WESTBROOK – Cindy Button, the Westbrook School Department transportation coordinator hired in June, resigned from her position last week, but details behind the circumstances of the resignation remain unclear.
Superintendent of Schools Marc Gousse confirmed Monday that Button had turned in a letter of resignation last week, effective Dec. 31. However, Button is spending her last two weeks working from the school department’s central office.
Dean Flanigan, the school department’s director of operations, said Monday that the position of transportation coordinator was posted last week following Button’s resignation.
Button was hired for the job amid public objections from school bus drivers, who supported keeping the two administrative assistants who ran the department’s daily tasks.
The transportation job has been in flux since Penny Esposito retired in early 2010. Esposito was replaced by Jan Breton, the former assistant superintendent whose job had been eliminated. Breton was only in the post for six months.
According to Gousse, after Breton left, the school department named Jeremy Ray as director of operations, overseeing the transportation, maintenance and technology departments. Ray subsequently left to become superintendent of schools in Biddeford. After Flanigan was named director of operations, coordinator jobs were created in June for transportation, maintenance and technology.
When hired, Button, who was one of only three certified transportation directors in Maine, had been the transportation director at School Administrative District 60 in North Berwick, where she still lives. Flanigan added that the long commute might have played into Button’s decision.
Flanigan said Wednesday that Button has been working on budgetary items for the school department from the central office leading up to the school’s budget discussions this spring.
“I wanted her to have the documentation right at her fingertips,” he said.
He said that Button has been looking ahead at figures for the transportation department for fiscal year 2014-15.
Flanigan added that “there wasn’t anything in her letter stating reasons” for the resignation.
Both Flanigan and Gousse said they were surprised by Button’s resignation.
Multiple calls to Button were not returned by the American Journal’s deadline Wednesday.

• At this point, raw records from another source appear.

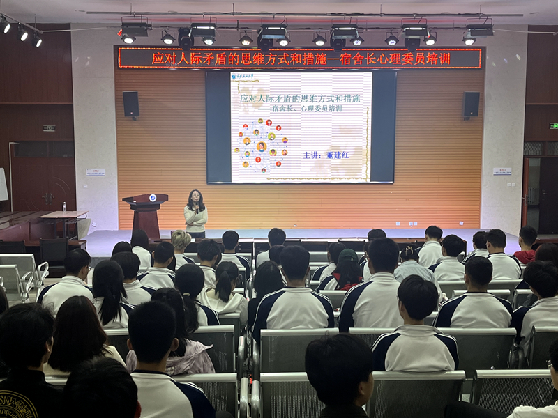 为进一步加强我院心理健康教育工作,帮助学生更好地处理人际矛盾,提高学生心理素质和自我调节能力,4月17日晚,计算机学院在鄠邑校区崇文楼118阶梯教室举办“应对人际矛盾的思维方式和措施”心理健康知识专题讲座。本次讲座邀请beat365心理成长指导中心董建红老师担任主讲,计算机学院2022级辅导员姚谦主持,2021级、2022级全体心理委员及宿舍长参加了此次讲座。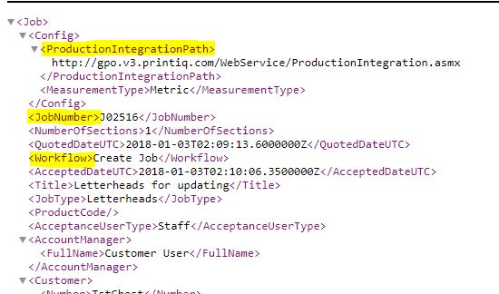The printIQ Job XML contains many elements, attributes and values to allow automated processing by supported production integration systems. As your third party system receives the Job XML from printIQ, use the below tags as guides to invoke file processing.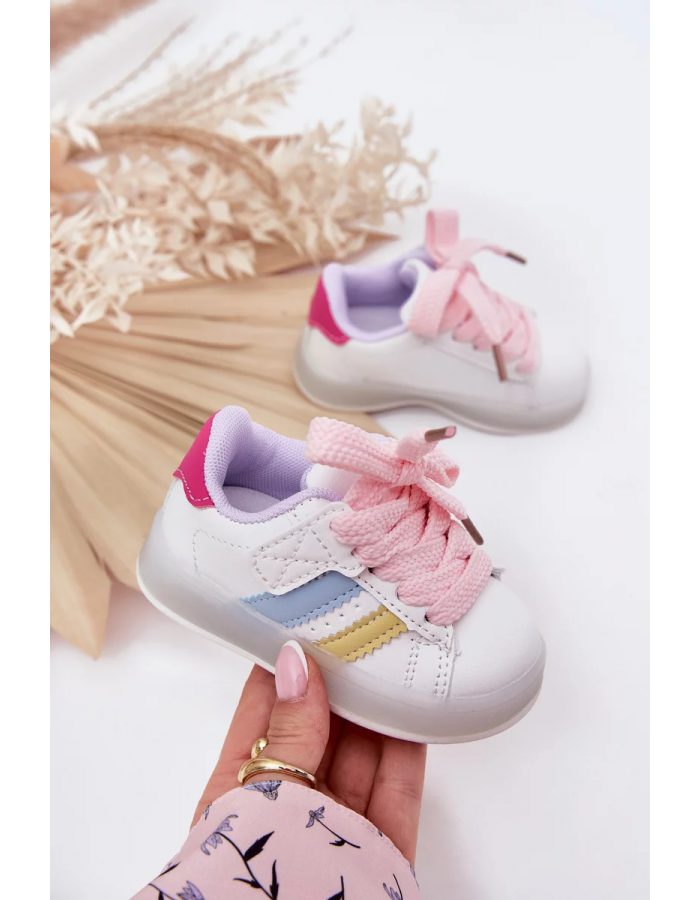 Dětské sportovní sneakers Arielle se svítící podrážkou v bílo-růžovém provedení jsou skvělou volbou pro děti, které chtějí pohodlné boty na každý den a zároveň je baví hravé detaily. Svítící podrážka se rozsvítí při chůzi a dodá botám zábavný efekt, který děti ocení ve škole, na hřišti i na procházkách. Sportovní střih podporuje volnost pohybu a je vhodný na aktivní dny plné běhání. Bílo-růžová kombinace působí svěže, jemně a snadno se ladí s dětskými outfity.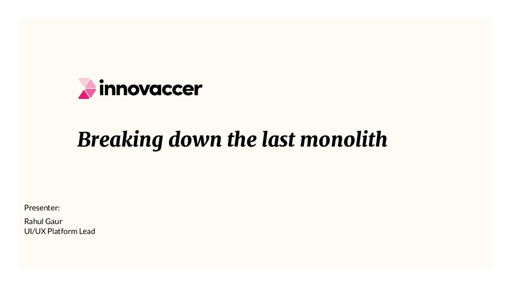 In this talk, speaker Rahul Gaur describes his team's experiences, their learnings and the challenges they encountered while breaking down Innovaccer's front-end monolith and running it in production.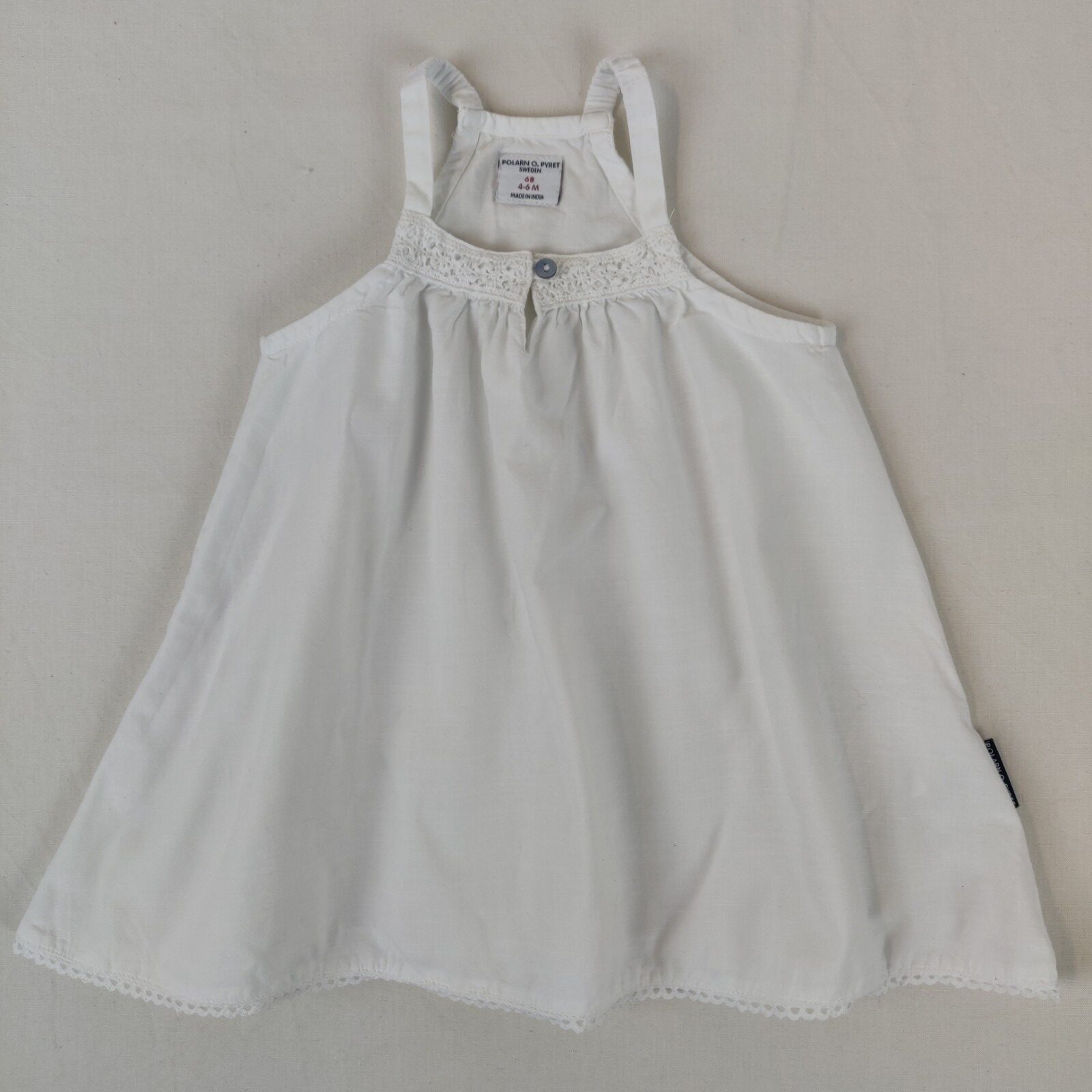 Autres commentaires : Robe à fines bretelles – blanc. Partie supériere en crochet blanc. Ouverture centrale à un bouton. Bas de la jupe décoré en crochet également.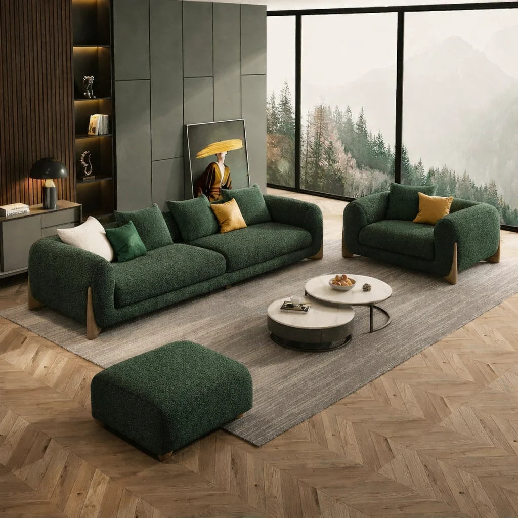 Available in a variety of designs, colors, and fabric options, these sofa sets for home effortlessly complement both contemporary and classic interiors. Easy to maintain and thoughtfully crafted, a 4 seater sofa set with ottoman is the ideal choice for families looking for comfort, style, and smart space utilization.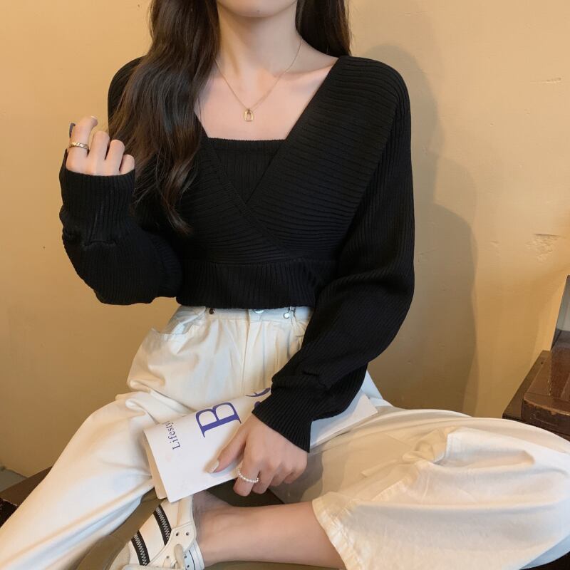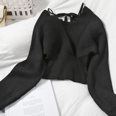 ニット リボン フリル カットソー 長袖 ロングスリーブ 秋冬トレンド トレンディ シンプル ワンサイズ ブラウス シャツ セーター レースアップ スリングニット トップ冬 新作 スリムスリミング 韓国 オルチャン 韓国デザイン 海外ファッション インスタ 映える 無地 Vネック ショートトップ ショート丈 かわいい 着回し 重ね着 モード系 シンプル クール バックリボン モダン カジュアル お呼ばれ 着回し 重ね着 パーティー お呼ばれ 二次会 飲み会 合コン お祝い プレゼント おしゃれ女子 クール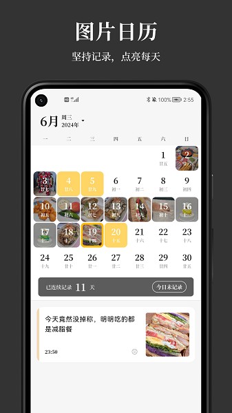 对于个人每日所记录的内容,会在日历图中自动进行打卡,让你第一时间进行查看。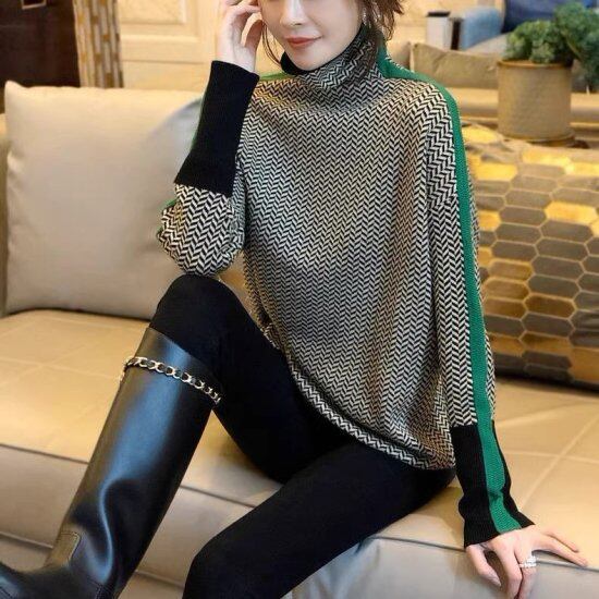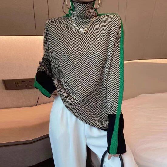 ニット レディース タートルネックセーター 総柄 ライン 長袖 ハイネック ヘリンボーン チェック柄 ウールタッチ レトロ クラシカル きれいめ カジュアル 大人 オフィス おでかけ おしゃれ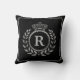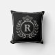 Royal Crown Laurel Wreath Black Silver Monogrammed Throw Pillow
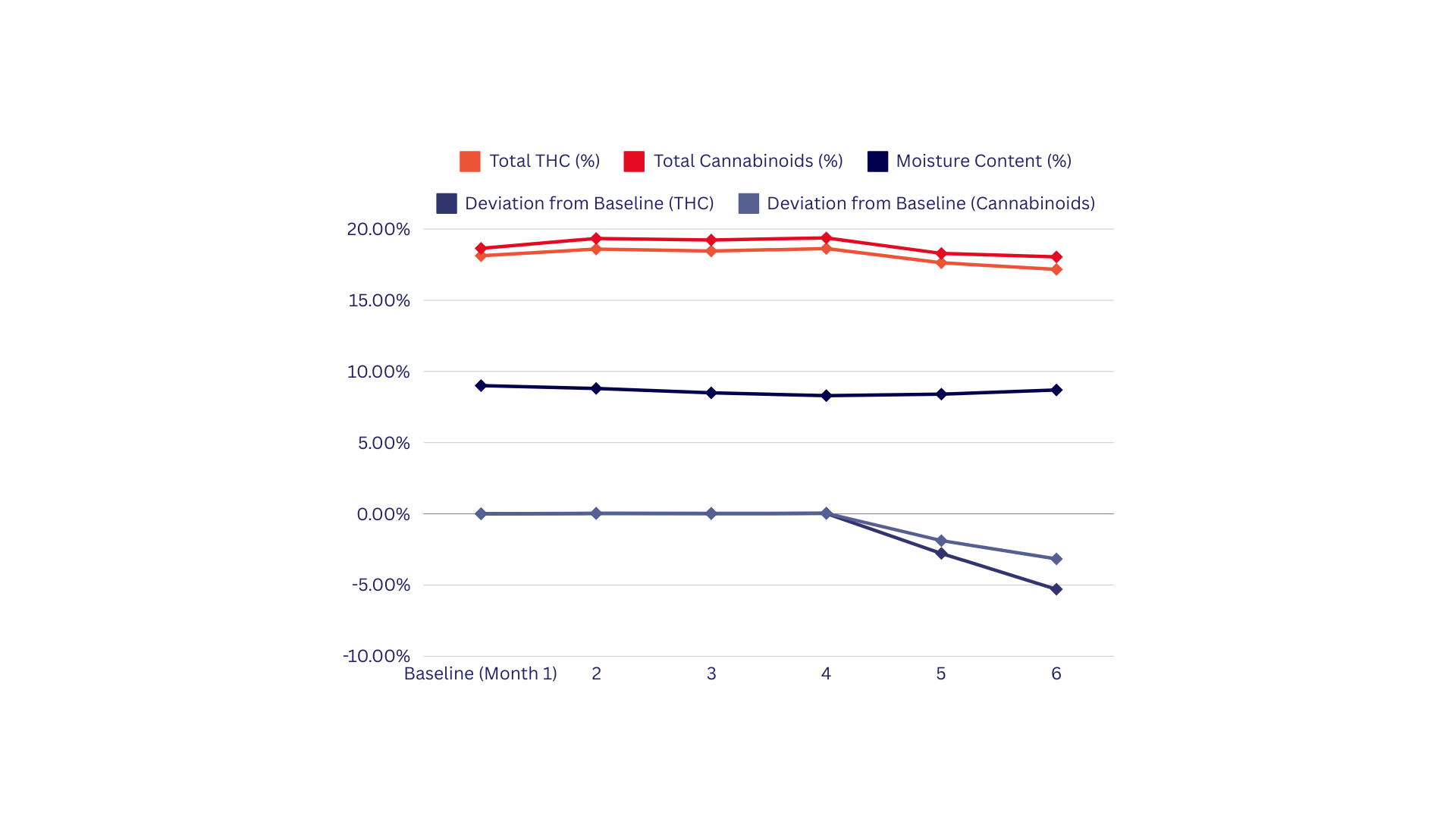 | Month | Total THC (%) | Total CBD (%) | Total Cannabinoids (%) | Moisture Content (%) | Deviation from Baseline (THC) | Deviation from Baseline (Cannabinoids) |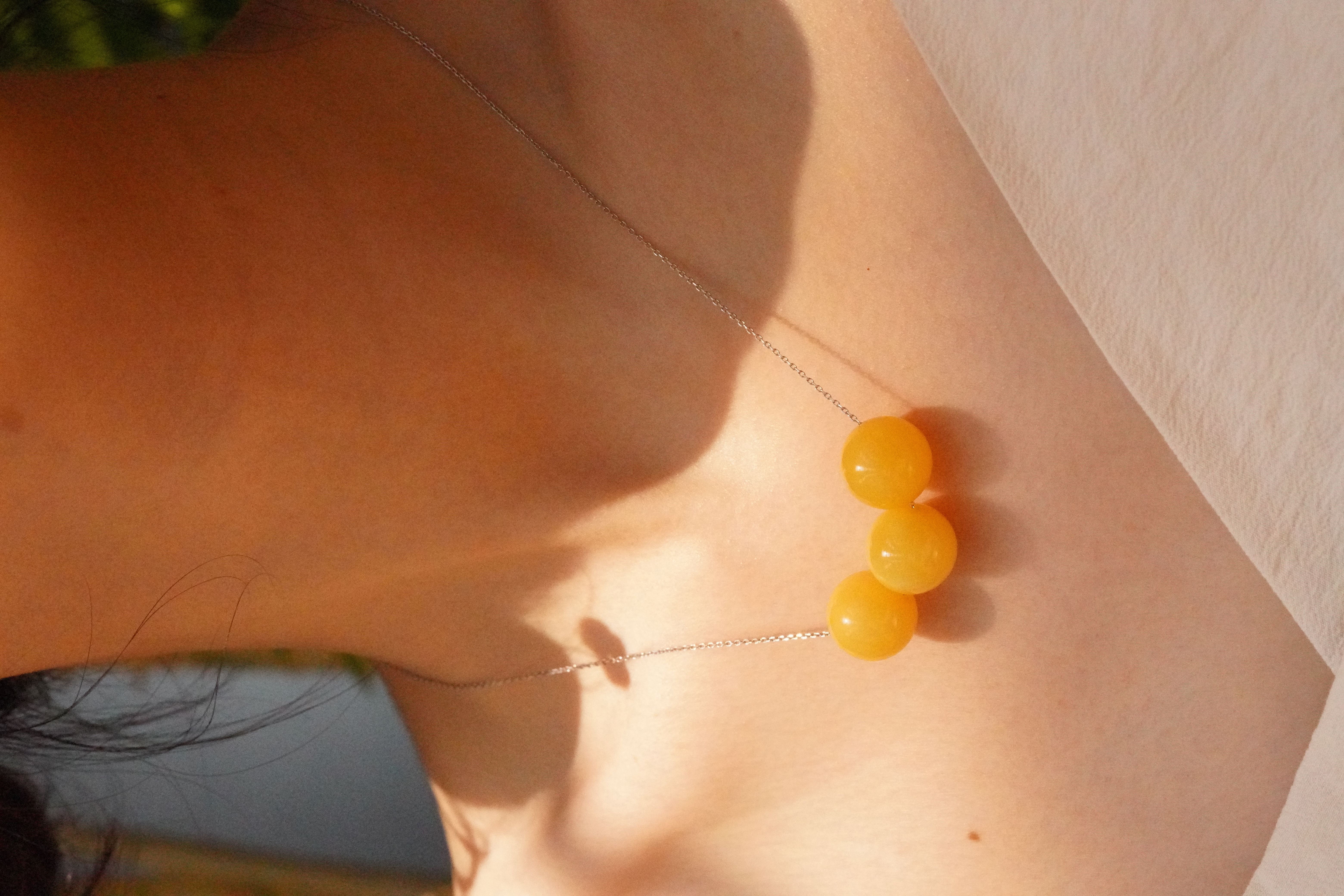 [A34][Amber 호박] 폴란드 밀화 구_13mm 3triple 실버 목걸이 45/50/60cm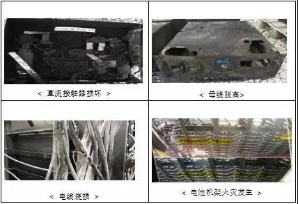 母線(xiàn)損壞后,導(dǎo)致電池機(jī)架保護(hù)裝置附件的二次短路事故發(fā)生,多處同時(shí)出現(xiàn)火災(zāi)。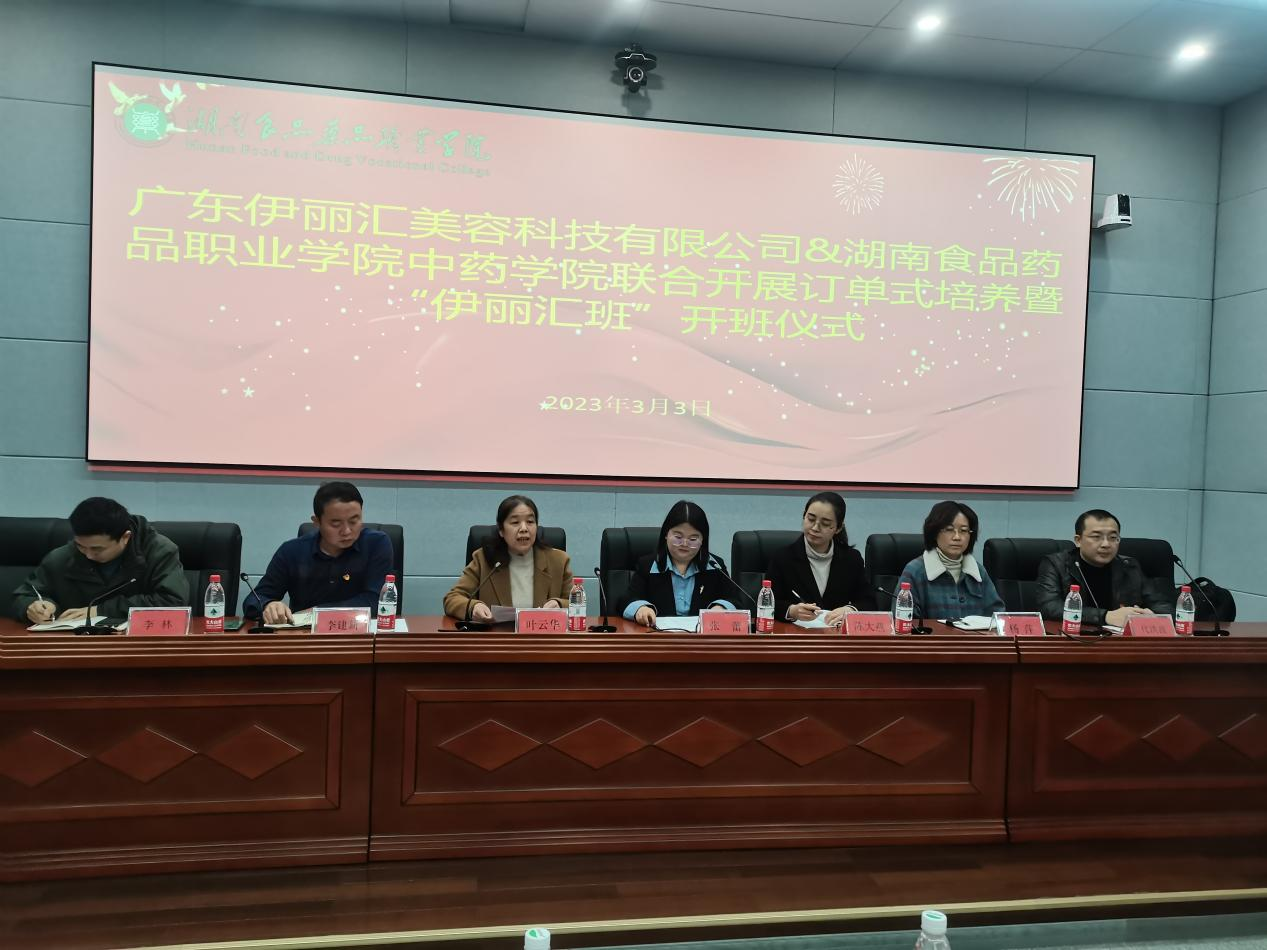 3月3日上午,广东伊丽汇美容科技有限公司与湖南食品药品职业学院中药学院联合开展订单式培养暨“伊丽汇班”开班仪式在我校举行,广东伊丽汇美容科技有限公司校企合作办、人力资源高级经理张蕾、人力资源经理陈大燕参加开班仪式。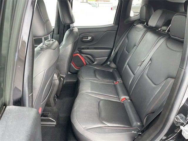 Clean CARFAX.1 Yr Trial (Registration Required), 40/20/40 Rear Seat w/Trunk Pass-Thru, 5-Year SiriusXM Traffic Service, 5-Year SiriusXM Travel Link Service, 6.5 Navigation Group w/Uconnect, 6.5 Touchscreen Display, Air Conditioning ATC w/Dual Zone Control, Auto-Dimming Rear-View Mirror, For Details Visit DriveUconnect.com, GPS Navigation, HD Radio, Heated Front Seats, Heated Steering Wheel, Luxury Leather Trimmed Bucket Seats, Passive Entry Remote Start Package, Passive Entry/Keyless Go, Power 4-Way Driver Lumbar Adjust, Power 8-Way Driver Manual 4-Way Passenger Seats, Premium Trailhawk Package, Quick Order Package 27E, Radio: Uconnect 6.5 Nav, Remote USB Port, SiriusXM Traffic, SiriusXM Travel Link, Uconnect Access, Windshield Wiper De-Icer.Black 2017 Jeep Renegade Trailhawk 4WD 9-Speed 948TE Automatic 2.4L I4 MultiAir 21/29 City/Highway MPGOdometer is 6422 miles below market average! 21/29 City/Highway MPG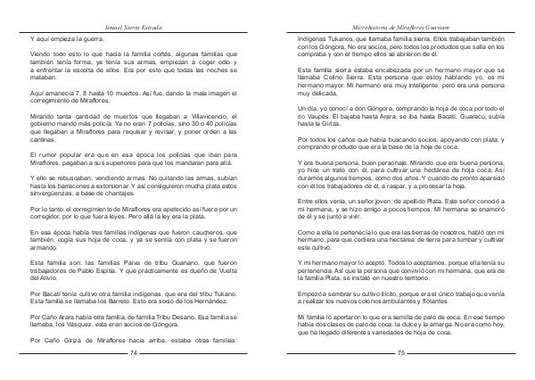 Y era buena persona, buen personaje. Mirando que era buena persona, yo hice un trato con él, para cultivar una hectárea de hoja coca. Así duramos algunos tiempos, como dos años. Y cuando de pronto apareció con él los trabajadores de él, a raspar, y a procesar la hoja.

In an interview with the American Journal in July, just as she began the job, Button said she was “looking forward to putting together a bus safety committee and implementing a safety program for all students in Westbrook. Transporting students the safest possible way is by far the most important part of my job.”
On June 19, the Westbrook School Committee unanimously agreed to hire Button as the new coordinator for $45,000 per year, and to eliminate one of two administrative assistant positions in the transportation department. Prior to Button’s hiring, Joan Harmon and Peggy Bowden were longtime assistants who ran the department’s daily tasks.
Bowden’s position was eliminated to provide funding for Button’s job. Bowden subsequently took a job as a department bus driver.
Prior to the School Committee’s vote in June, Mark Crawford, a Westbrook school bus driver, read a letter in support of the two assistant positions, which was supported by the transportation staff.
“These two women have worked at Westbrook schools for many years, and have run the daily operations at the Transportation Department with different administrators for the past three years,” he said. “There are two people currently working in our office that have demonstrated that they can, and have, run the transportation department.”
Harmon has been working with the district since 1992, while Bowden began as a bus driver in 1984.
Harmon said Tuesday that as the current administrative assistant, she is overseeing the department’s day-to-day operations until Button’s replacement is hired, but declined to comment on whether she will seek the position.
There are some 25 employees in the department.
Superintendent of Schools Marc Gousse confirmed Monday that Cindy Button had turned in a letter of resignation last week, effective Dec. 31.